Think of this scenario on the street. Two people meet up. We have two actors in this drama. The interaction changes dramatically when one of the people has a gun. A gun becomes a dynamic third actor, not a neutral object. When a gun, a trigger, is present, it may cause immediate and irreversible harm at a single touch. There may be violence or death at the slightest misunderstanding, raised temper or simple mishandling. When a gun is present there is no possibility of free interaction, discussion or debate.
We continue to worship the second amendment while in 2018 we had children shot in our schools at an alarming rate. School shootings came to a halt because children were not in school in 2019!
Gun violence is increasingly a part of our public spaces. Treating guns as a
supernatural power has consequences.
We can create conversations that might break the cycle of grief after gun violence that defines so much of our memorial practices; the continual call for “thoughts and prayers.” I believe in thoughts and prayers. But, we need organized, productive discussions to understand the symbolic presence of guns in American culture.

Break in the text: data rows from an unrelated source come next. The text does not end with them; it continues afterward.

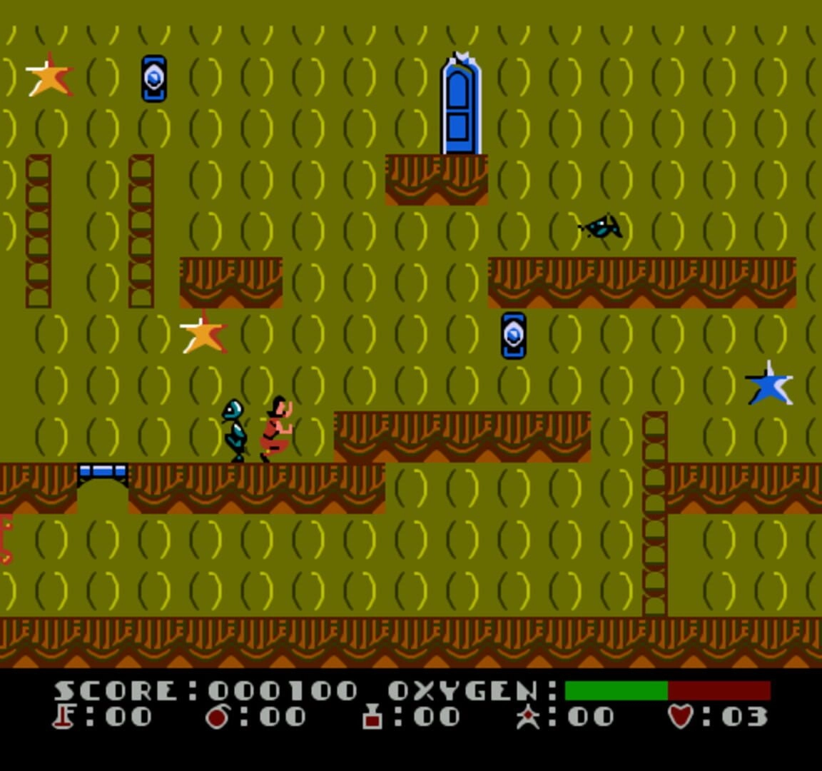 The gameplay in Dash Galaxy in the Alien Asylum combines elements of platforming, puzzle-solving, and strategic thinking. Each floor presents a set of rooms that Dash must conquer to progress further. To unlock doors and access higher floors, Dash needs to collect keys scattered throughout the rooms. However, it's not as simple as it seems. Dash's only weapons are a limited supply of bombs and remote detonators, making timing crucial to succeed in the game.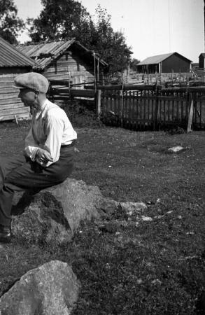 Ämnesord: män, staket, stenar (naturligt objekt), gamla byggnader |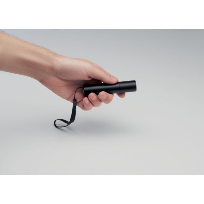 Torcia ricaricabile in alluminio da 110 lumen con 3 impostazioni di luce e funzionalità di zoom in/out. Batteria ricaricabile integrata da 400 mAh e cavo di ricarica in dotazione.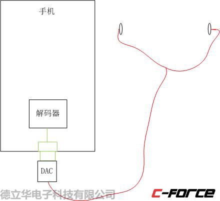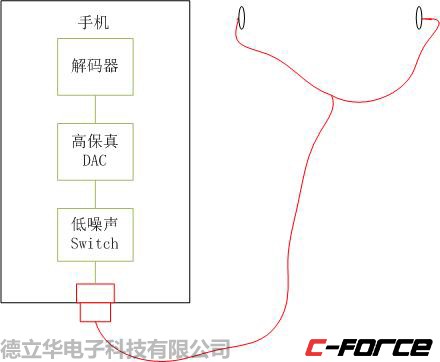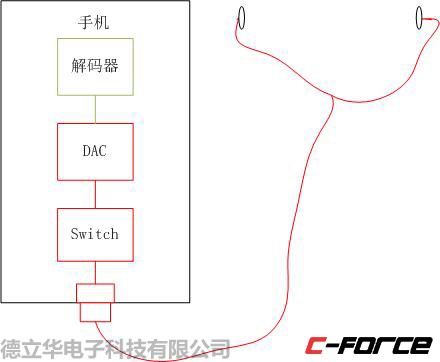 圖1為傳統模擬TYPE-C耳機音樂傳輸通道,紅色部分為音質損失,對于國產android手機來說,內置DAC已經對音質造成了最主要的音質損失。而且在進入TYPE-C口之前,還有個模擬開關用來切換音頻模式還是數字模式,然后經過TYPE-C接口,再經過耳機線,傳送到左右兩個揚聲器。其中,最重要的音質損耗在DAC部分,其他部分,只是理論上有損耗,未必真的損失聽覺效果。

Gun manufacturers and distributors are enormously wealthy, beyond belief. They will not give up the sale of one gun without a fight. Even though the NRA is weakened, the enormous amount of money behind selling guns will be pushback. “This is America. We sell stuff.” This answer is not good enough.

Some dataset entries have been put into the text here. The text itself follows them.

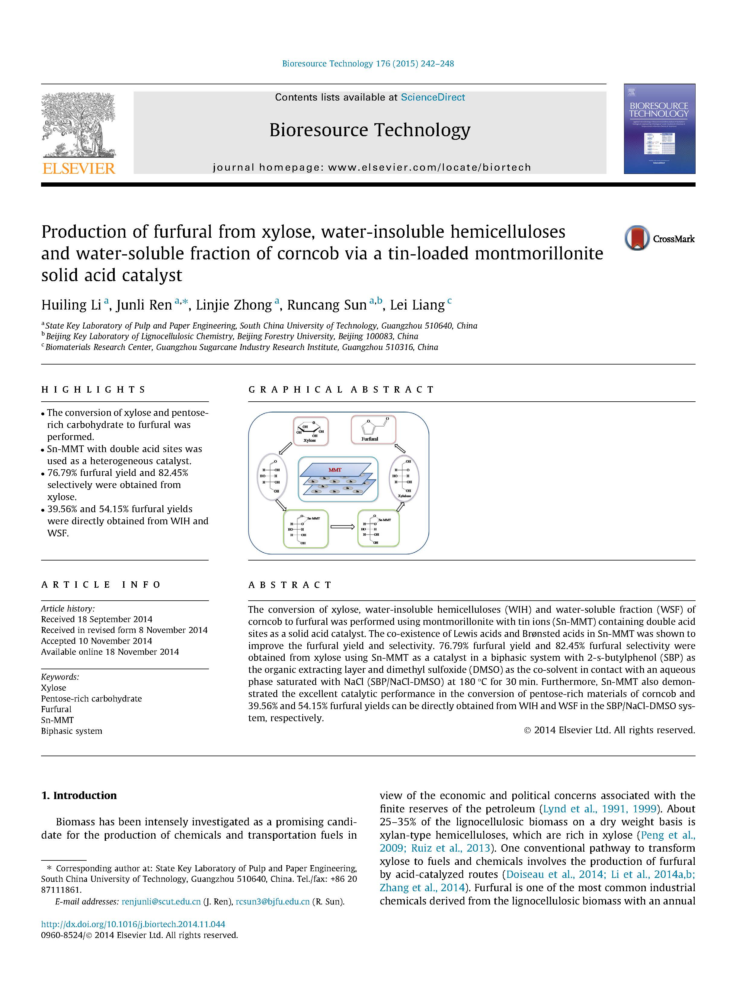 這篇由華南理工大學(xué)等的研究學(xué)者完成,討論通過載錫蒙脫石固體酸催化劑從木糖,水不溶性半纖維素和玉米芯的水溶性部分生產(chǎn)糠醛的論文,發(fā)表在一區(qū)重要期刊《Bioresource Technology》,影響因子:5.807。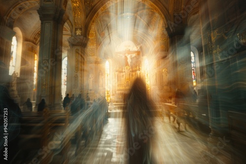 A person is walking through a church, blurred in the background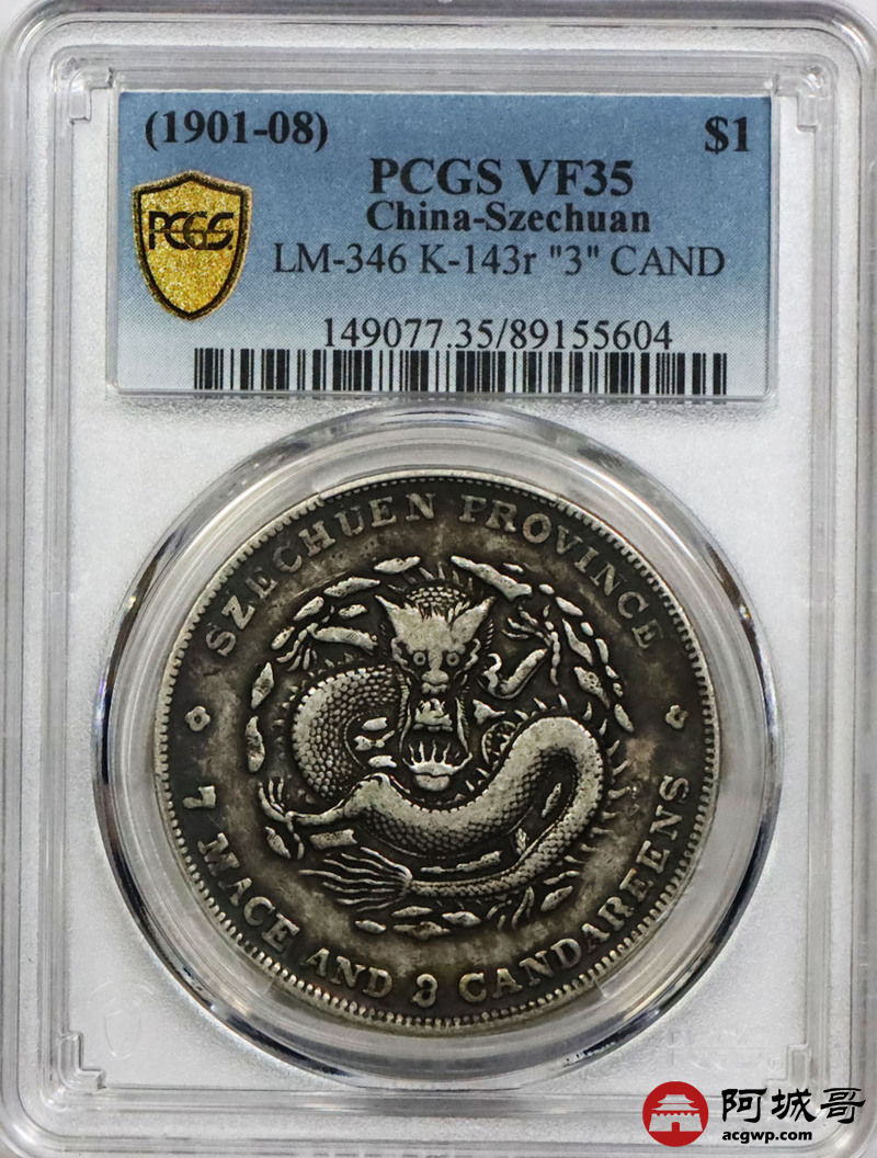 Lot:1424 1901-08年四川省造光绪元宝库平七钱三分银币一枚 ,原味 PCGS VF35评级编号:89155604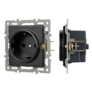 Механизм розетки с заземлением на 1 пост, с суппортом из алюминия. Цвет - черный. Степень пылевлагозащиты - IP20.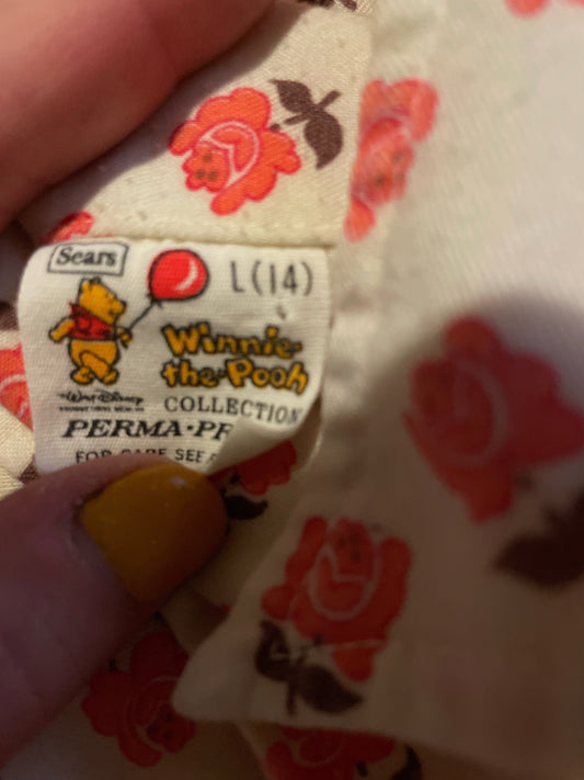 vtg 70s WINNIE THE POOH Top // vintage womens xs youth large petite floral button down rayon blouse autumn cozy style cute flower power top

Violence and deaths by guns in the U.S. far surpass rates in all other developed countries. Are American people more violent? Do we care less for our children? Do we have more depressed people who are suicidal? Do we put more of the mentally ill on our streets? The answer is “no.” We have more guns.
We have faced tough challenges in America. We will face the proliferation of guns, but it will take all of us. We must be determined to get in touch with our core beliefs; ask, expect, even insist, that lawmakers make a change.